Defining the Group Concept Under Australian Law

Under the Australian AML/CTF regime, a reporting group is a collection of entities that includes at least one reporting entity. The group operates under a single, shared AML/CTF program managed by a designated lead entity, with other participants known as ordinary members.

This group structure allows related or even unrelated businesses to share risk management frameworks and compliance arrangements. Additionally, the reporting group model officially replaced the former Designated Business Group (DBG) concept under the AML/CTF Act.

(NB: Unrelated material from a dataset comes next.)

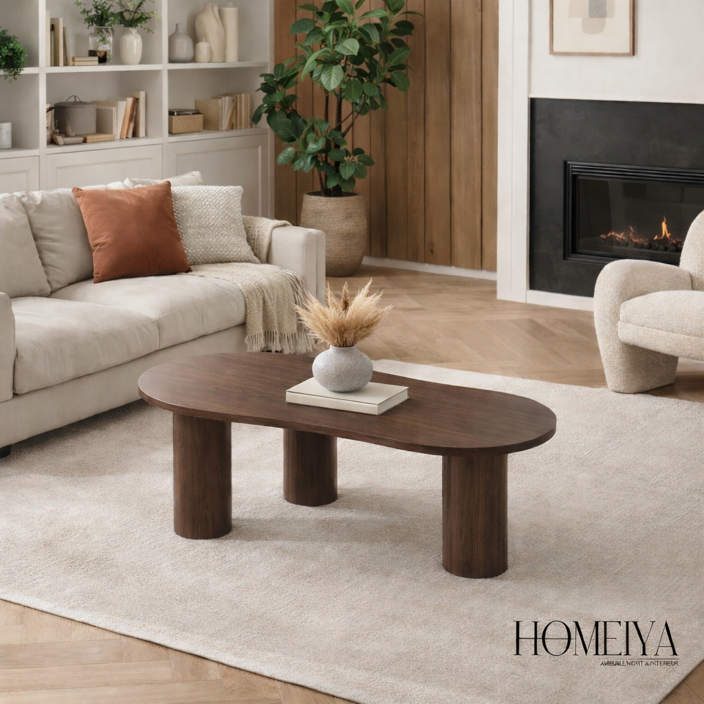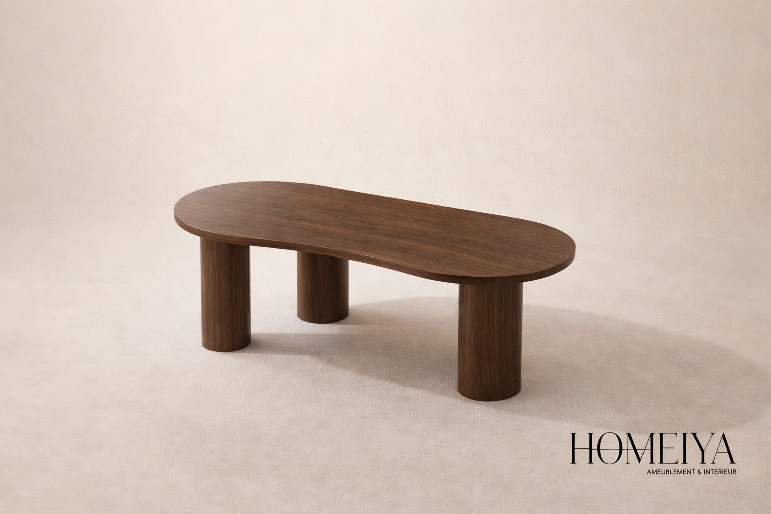 La table basse Noya séduit par ses lignes fluides et son design organique, inspiré de l’architecture contemporaine. Son plateau ovale aux courbes douces repose sur trois pieds cylindriques, créant une silhouette sculpturale à la fois stable, équilibrée et visuellement légère.

Why Reporting Entities Choose to Form a Reporting Group

Reporting entities form a reporting group to streamline their compliance efforts and manage risks more efficiently. This collaborative approach offers several advantages for businesses navigating their AML/CTF obligations, including:

  • Centralised compliance functions: Grouping allows for the centralisation of AML/CTF functions, which helps in sharing resources and reducing operational costs.
  • Effective risk management: It enables a more effective approach to identifying, assessing, and mitigating money laundering and terrorism financing (ML/TF) risks across all members.
  • Secure information sharing: Members of a reporting group can securely share ML/TF risk-related information, including details concerning suspicious matter reports. This facilitates better group-wide risk management without breaching tipping-off offence provisions.
  • Inclusion of non-reporting entities: Unlike the previous designated business group model, a reporting group can include businesses that are not reporting entities. These members can assist with carrying out AML/CTF obligations on behalf of the reporting entities in the group.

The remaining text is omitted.